Now, I think the best way to show this is just talking about a couple of examples, and these kind of fit with what we're gonna talk about when we get to the Redis commands. So for example, and O-1 will take the same amount of time, no matter what size the input or the size of the array it's working on. An example of this will be Get, when we talk about it. So no matter if you have one key or you have a million keys, when you run Get, it will take the same amount of time to find that key. Now compare that to O-N, and this grows with the input.
So for example, if we were doing a process on an array, and it took us X amount of time to work on one and we had to do it 10 times, it'll take 10 times the amount of time, and that's where the N comes in. So the more input we add, the longer it's gonna take. And then, there are some Redis commands that take this amount of time and more. So, what we will do is we'll talk about the command, we'll use it and at the end, I'll give you quick overview of what the Big O Notation is.

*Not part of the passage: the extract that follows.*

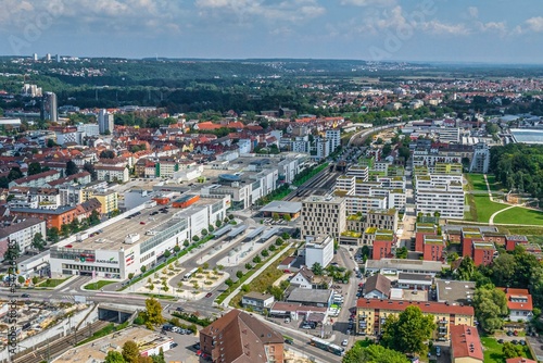 © ARochau, Fototapeta premium Neu-Ulm im Luftbild, Ausblick auf die Glacis-Galerie und den überbauten Bahnhof

So the idea is if it's an O-1, it is a fast operation, and that it doesn't matter if we have a million keys or one, whereas in N, the more keys we have, we will have to start planning about when an how we use that command. So let's go ahead and get started. So the first things is, just like we've been using before, we're using Docker so make sure the pack Redis server is running. And if you need to know those commands, look in the Docker Commands Text File at the root of this section.
So I'm gonna paste this in. This is essentially saying, "Connect to our Redis server "and give us a Redis command line interface." And this is where we're gonna run all our commands. Also, all the Redis commands that we are going to use in this video are going to be in the file Redis Commands.txt. So let's go ahead and use some commands. So let's start off with ones that we've used before and are the simplest. We're going to say, "Set user: one test." Okay, and we'll do exactly how we expect it to.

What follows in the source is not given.